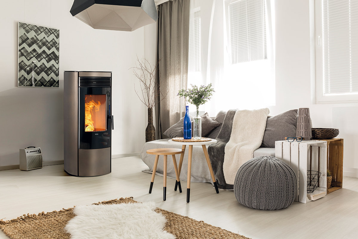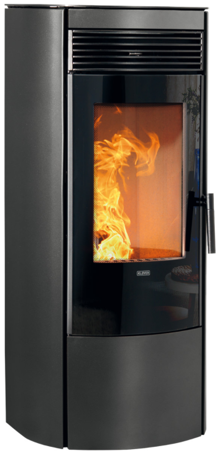 Salamandra a pellets com porta curva com vidro duplo. Painéis com formato especial. Tampo em aço de 5mm com predisposição de descarga superior. Sensores de segurança na porta e tanque. Queimador autolimpante. WiFi como padrão.
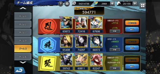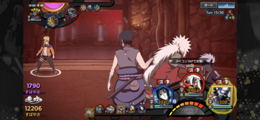 3順目でミナト自来也ナルトTRIBEを撃ったときに、ワンパンで倒せるよう防属性を中心に削っておく。アタッカーのビーも忘れず削る。
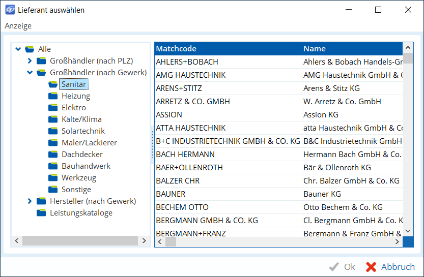 Lieferant auswählen. Im linken Bereich des Fensters können wir die Auswahl eingrenzen.
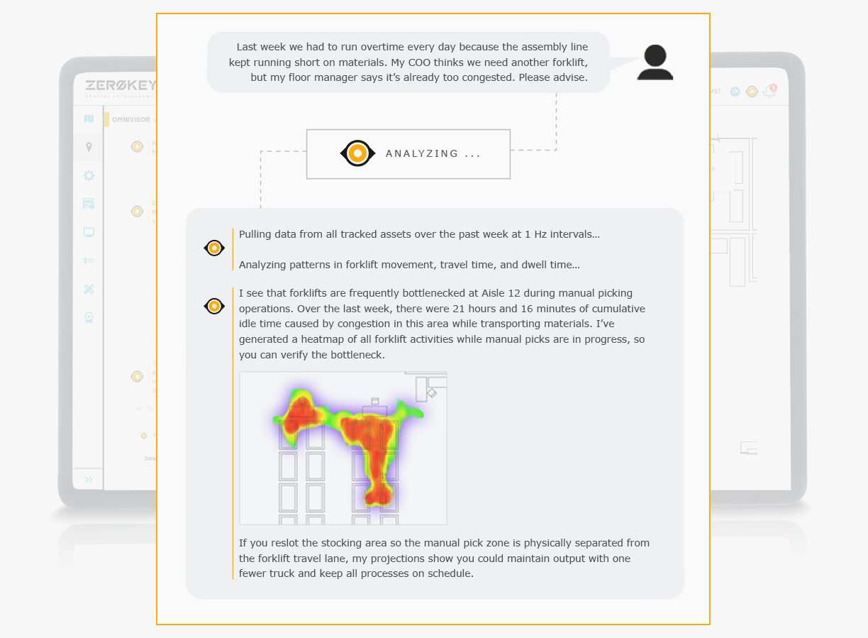 Built on millimeter-accurate location data from ZeroKey’s Quantum RTLS 2.0™, OmniVisor AI™ is the first agentic intelligence engine that understands physical movement and process dynamics, enabling factories to self-diagnose inefficiencies and self-correct in real-time.
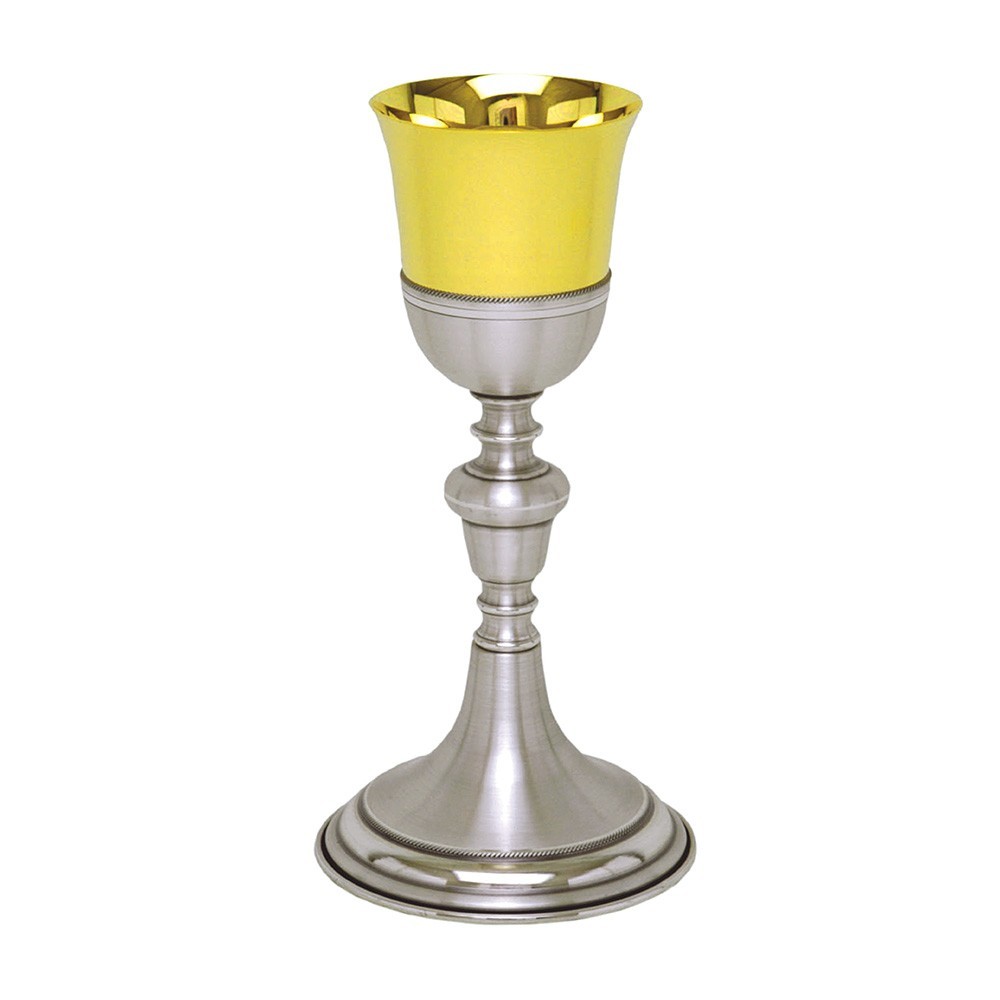 Calice liturgico in metallo bicolore. L'interno del calice è in ottone dorato. Su questi arredi sacri vi è stata applicata esternamente una vernice trasparente Vitrex cotta a forno per proteggerli dalle impronte delle dita, polvere e umidità.

_ _ _ _

> [WHAT IS REQUIRED] Instructions for the listing above: set down every entry exactly and drop any image.

> [WRITTEN SOLUTION]
 Salamandra a pellets com porta curva com vidro duplo. Painéis com formato especial. Tampo em aço de 5mm com predisposição de descarga superior. Sensores de segurança na porta e tanque. Queimador autolimpante. WiFi como padrão.
 3順目でミナト自来也ナルトTRIBEを撃ったときに、ワンパンで倒せるよう防属性を中心に削っておく。アタッカーのビーも忘れず削る。
 Lieferant auswählen. Im linken Bereich des Fensters können wir die Auswahl eingrenzen.
 Built on millimeter-accurate location data from ZeroKey’s Quantum RTLS 2.0™, OmniVisor AI™ is the first agentic intelligence engine that understands physical movement and process dynamics, enabling factories to self-diagnose inefficiencies and self-correct in real-time.
 Calice liturgico in metallo bicolore. L'interno del calice è in ottone dorato. Su questi arredi sacri vi è stata applicata esternamente una vernice trasparente Vitrex cotta a forno per proteggerli dalle impronte delle dita, polvere e umidità.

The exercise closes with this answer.